Most IT departments are reporting to CFOs these days. But say a CFO is late to the game in recognizing and starting to tackle cyber-security risk, and doesn’t know a lot about the topic. What is square one? How do you start doing something effective?
The first thing is, get educated. We recently published a book along with the New York Stock Exchange — which is not a Palo Alto Networks commercial by any stretch of the imagination — called “Navigating the Digital Age: The Definitive Cybersecurity Guide for Directors and Officers of Companies.” It’s a compilation of input we got from the government, from industry, etc. It’s a great tutorial.
Also, securityroundtable.org is a resource for officers of companies to figure out what are the best state-of-the-art questions to ask. Because often, CFOs, especially of non-high-tech companies, don’t have a good framework to even ask the right question. And the education part of this is key.
Secondly, companies should consider breaking out information security from the CIO organization so that a chief information security officer has a direct reporting relationship to the CFO. When you have a seat at the table for that function, you will get more visibility and transparency into the company’s risks.
Then you put that under an enterprise risk management framework, where it will get visibility to the audit committee, the rest of the board, and the management team. That’s a way that CFOs can get up to speed and then have a good base of understanding from which to make decisions.

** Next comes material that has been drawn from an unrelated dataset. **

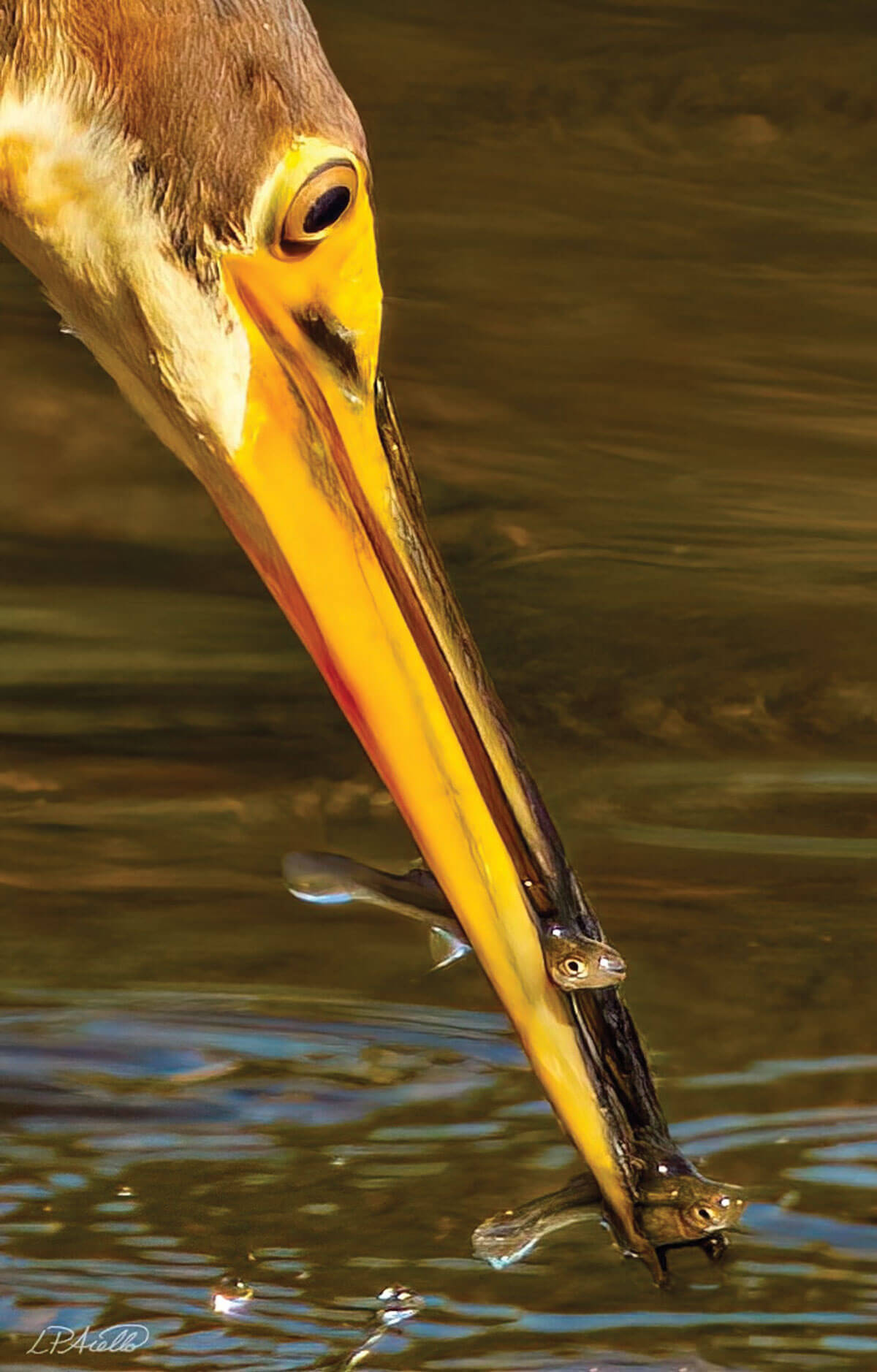 Less than ONE second after plunging its head into an alligator breeding marsh in Orlando, Florida, this juvenile Tricolored Heron (Egretta tricolor) emerges having captured two fish simultaneously in its beak for its morning meal.

But can most CFOs ever expect to become truly confident about security, since it’s not their chief bailiwick?
Well, cybersecurity is not an IT issue anymore. It’s a business issue. A breach impacts the company’s reputation, the customer experience, and ultimately sales and profits. And if you think thematically about what’s happened with the CFO role over time, if a CFO wants to be a valued member of an organization, he or she needs to broaden the aperture around [his or her] roles and responsibilities.

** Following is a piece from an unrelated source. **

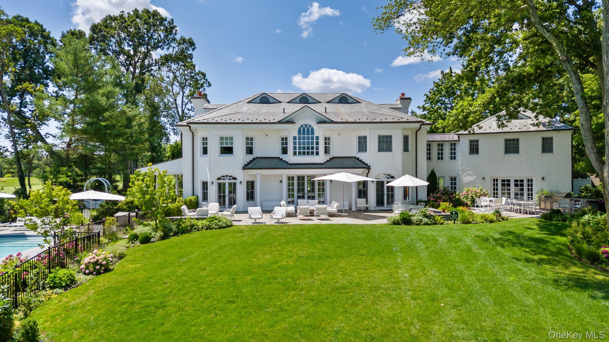 This classic white brick Georgian Colonial is the epitome of timeless elegance and modern luxury. It is more than a home—it’s an invitation to experience life at its finest. Commandingly situated at the end of a private lane and cul-de-sac in Rye, New York, this custom-built estate spans over two acres of meticulously landscaped grounds, offering breathtaking views of not one, but two golf courses—the 10th holes of both The Apawamis Club and Harrison Meadows—and the magnificent Westchester Country Club clubhouse in the distance. From the moment you arrive, you’ll feel the sense of exclusivity and tranquility that defines this extraordinary residence and retreat. A true sanctuary of sophistication, this home seamlessly blends comfort, grandeur, and an entertainer’s dream setting. Every detail of this home has been curated to perfection, with custom designer finishes that set a new standard for refinement. The light-filled living room, which is anchored by the fireplace and double French doors, opens gracefully to a covered porch overlooking the beautiful gunite pool with quartz light blue finish added in 2021—a perfect retreat for lounging or hosting unforgettable gatherings. The kitchen is designed for both culinary artistry and family connection. It features two center islands, top-of-the-line appliances, custom built-ins, an adjacent family room with a fireplace and a bright eat-in area surrounded by French doors, and all crowned by magnificent terrace and golf course views. The formal dining room, also with French doors, extends the entertaining space to the blue stone terrace with a built-in kitchen, making it ideal for al fresco dining against a backdrop of breathtaking panoramic views—the ideal spot for al fresco dining or watching July 4th fireworks light up the sky. Your guests will not believe how amazing the fireworks show is from the comfort of your home on the terrace or poolside. The richly paneled library, complete with a wet bar, offers the perfect sanctuary for work or relaxation. Upstairs the five bedrooms are ensuite, offering privacy and luxury at every turn. There are several possibilities for a sixth or seventh bedroom if needed. The newly reimagined primary suite is a true showstopper, a sanctuary unto itself featuring dual walk-in closets, a sitting area, coffee bar and a marble primary bath with radiant heated floors, a spa-like retreat that redefines indulgence. A separate wing offers two spacious ensuite bedrooms with a lounge and a convenient back staircase leading from the first floor media/game room ensuring ample space for family or guests. A third floor adds even more flexibility for your unique needs. Beyond the interiors, the property invites endless possibilities for recreation and relaxation. The third bay of the three-car attached garage is used as a gym and you are just minutes from your tee time. All this is a short walk to downtown Rye and just a 38-minute train ride to NYC—complete this extraordinary offering. This home isn’t just a residence; it’s a lifestyle. From the luxurious finishes to the idyllic setting, every element has been designed to create an unparalleled living experience designed for pure enjoyment. It must be seen to be truly appreciated. There is an additional one acre property (16 Boxwood Lane) adjacent to this 2. 14 acre property available for purchase for $1, 995, 000 which affords you even more privacy.

As the CFO of a security company, which presumably has a lot of in-house expertise, do you spend perhaps less time addressing internal security than you would if you were with a different kind of company?
No, I spend a lot of time on our internal security. As a security company, we have to be nailed on that.
Do you spend any time with the CFOs of customers?
I’m the executive sponsor on a handful of critical accounts. On a quarterly basis, I’m in touch with an executive of the customer in order to understand how the account is doing and whether there are any issues. It could be the CIO, the chief information security officer, or the CFO. Everyone on our executive team who reports to the CEO is responsible for at least a handful of customers as an executive sponsor.
Even, say, the head of human resources?
Can you get into detailed discussions with potential customers on the technology of your products?
I need to be able to articulate the value proposition and get to a certain level of detail, but not to a level where I can sit down with a customer’s network engineer and go through the code or the bugs we’re working through.
One thing I do is spend a small portion of my time each quarter with our engineering and product management teams. That really helps me understand the value and business drivers we’re creating. In the technology world, you have to be facile and knowledgeable about how the company’s products are positioned.
For example, for our new chassis-based product, I was helpful to the sales organization, getting on a call with a CFO at a very large company and talking in CFO language about the product’s value proposition. If I hadn’t spent that time with engineering and product management, I wouldn’t have been able to do that as well as I did. And ultimately we were successful in acquiring that customer.